### To do:
Span requested from the data below: the line with "The following day, the" through the line with "Aprenda a escribir", both included. Give only these lines again, exactly, and leave every picture out.

### Available data:
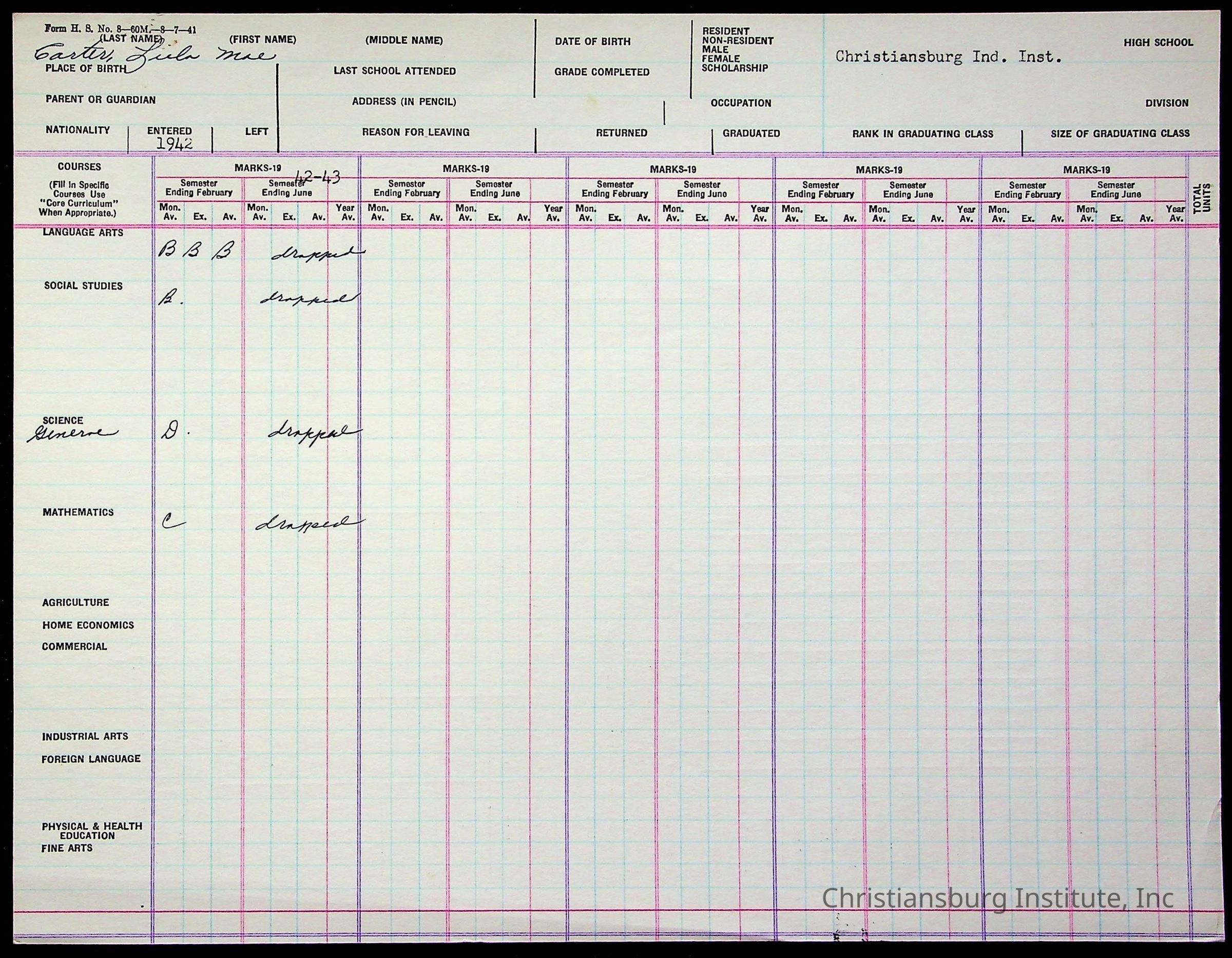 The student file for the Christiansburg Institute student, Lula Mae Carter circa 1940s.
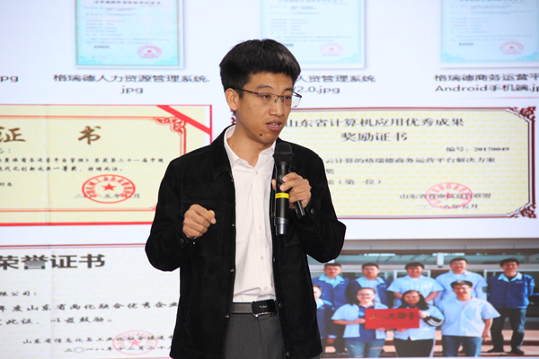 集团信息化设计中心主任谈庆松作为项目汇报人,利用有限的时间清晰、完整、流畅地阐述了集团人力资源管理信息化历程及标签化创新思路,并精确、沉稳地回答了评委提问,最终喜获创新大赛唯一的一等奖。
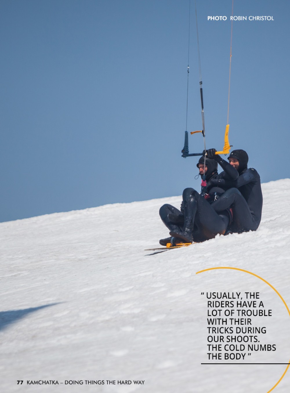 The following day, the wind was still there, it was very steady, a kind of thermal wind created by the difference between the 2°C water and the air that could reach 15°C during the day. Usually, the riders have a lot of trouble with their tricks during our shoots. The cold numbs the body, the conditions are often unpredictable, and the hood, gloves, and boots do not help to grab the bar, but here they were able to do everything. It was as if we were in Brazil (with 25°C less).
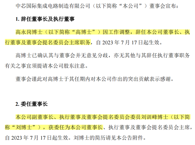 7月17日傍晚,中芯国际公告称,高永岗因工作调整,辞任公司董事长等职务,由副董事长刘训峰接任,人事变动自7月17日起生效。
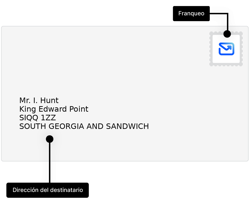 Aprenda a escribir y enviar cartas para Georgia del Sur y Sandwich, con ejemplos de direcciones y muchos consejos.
* * *
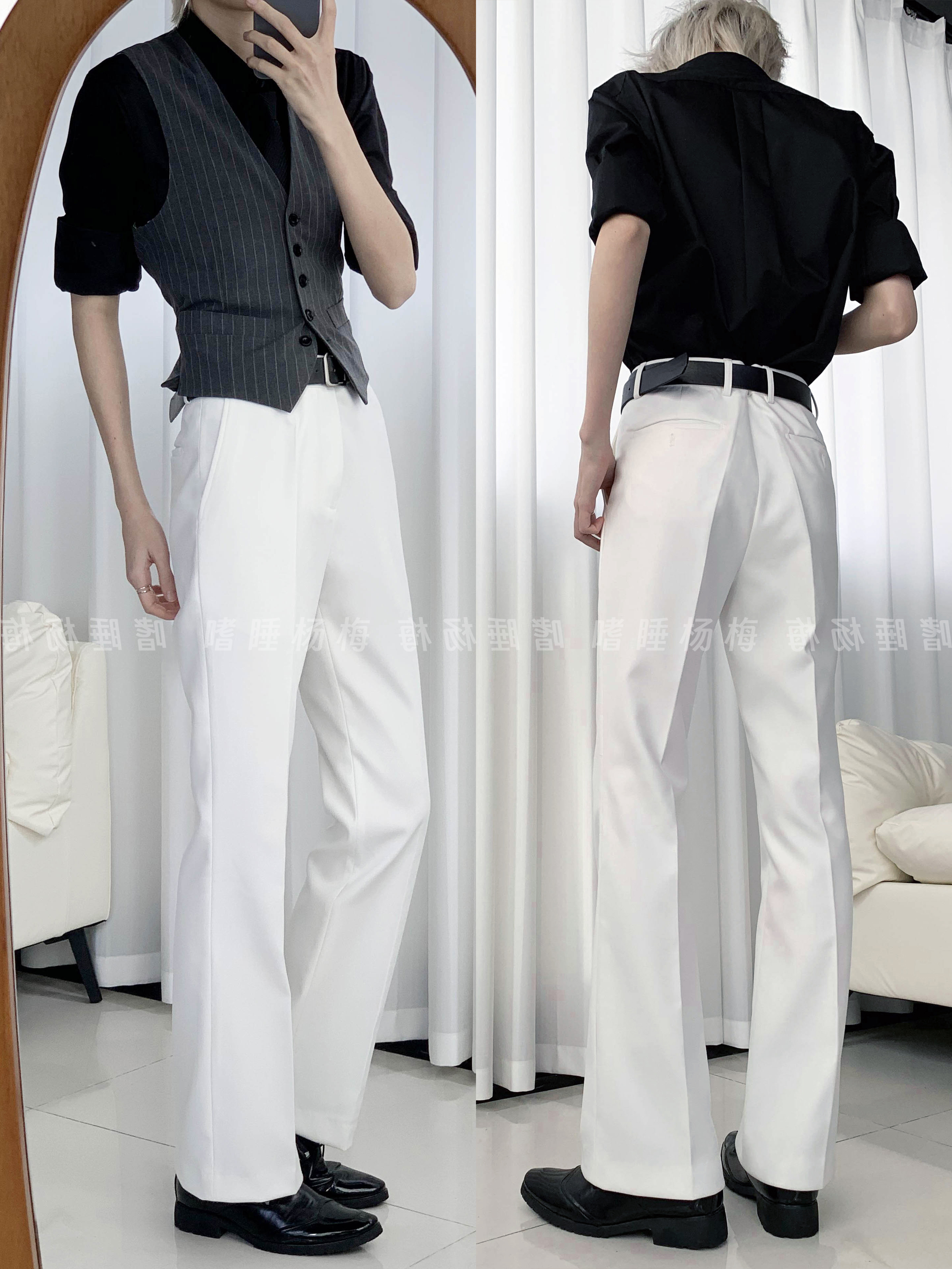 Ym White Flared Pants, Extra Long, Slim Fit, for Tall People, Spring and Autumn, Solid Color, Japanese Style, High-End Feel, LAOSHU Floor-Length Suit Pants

### Answer area:
 The following day, the wind was still there, it was very steady, a kind of thermal wind created by the difference between the 2°C water and the air that could reach 15°C during the day. Usually, the riders have a lot of trouble with their tricks during our shoots. The cold numbs the body, the conditions are often unpredictable, and the hood, gloves, and boots do not help to grab the bar, but here they were able to do everything. It was as if we were in Brazil (with 25°C less).
 7月17日傍晚,中芯国际公告称,高永岗因工作调整,辞任公司董事长等职务,由副董事长刘训峰接任,人事变动自7月17日起生效。
 Aprenda a escribir y enviar cartas para Georgia del Sur y Sandwich, con ejemplos de direcciones y muchos consejos.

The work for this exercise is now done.